From 2D to 3D using convolutional autoencoder

soshishimada · November 19, 2017, 3:23am

I’d like to reconstruct 3D object from 2D images.
For that, I try to use convolutional auto encoder. However, in which layer should I lift the dimensionality?

I wrote a code below, however, it shows an error “RuntimeError: invalid argument 2: size ‘[1 x 1156 x 1156]’ is invalid for input of with 2312 elements at pytorch-src/torch/lib/TH/THStorage.c:41”

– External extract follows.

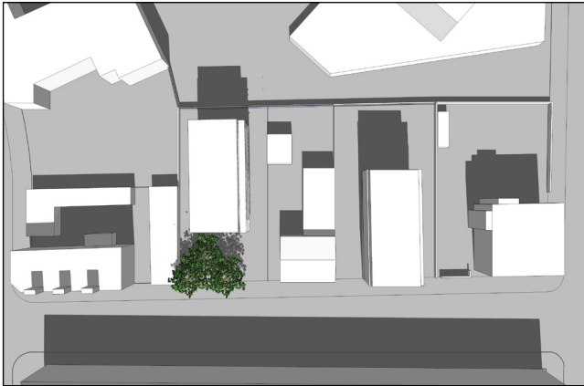
21. marts kl. 12:00

    class dim_lifting(nn.Module):
        def __init__(self):
            super(dim_lifting, self).__init__()
            self.encode = nn.Sequential(
                nn.Conv2d(1, 34, kernel_size=5, padding=2),
                nn.MaxPool2d(2),
                nn.Conv2d(34, 16, kernel_size=5, padding=2),
                nn.MaxPool2d(2),
                nn.Conv2d(16, 8, kernel_size=5, padding=2),
                nn.MaxPool2d(2),
                nn.LeakyReLU()
            )
    
            self.fc1 = nn.Linear(2312, 2312)
            self.decode = nn.Sequential(
                nn.ConvTranspose3d(1, 16, kernel_size=5, padding=2),
                nn.LeakyReLU(),
                nn.ConvTranspose3d(16, 32, kernel_size=5, padding=2),
                nn.LeakyReLU(),
                nn.MaxPool2d(2))
    
        def forward(self, x):
            out = self.encode(x)
            out = out.view(out.size(0), -1)
            out = self.fc1(out)
            out = out.view(1, 1156, 1156)
            out = self.decode(out)
            return out

ptrblck · November 20, 2017, 12:00pm

You are trying to reshape your fc1 output of size 2312 to (1, 1156, 1156) which is 1156*1156=1336336.

You could try to change the linear output to self.fc1 = nn.Linear(2312, 1024) and corresponding to this in the forward pass out = out.view(out.size(0), 1, 32, 32).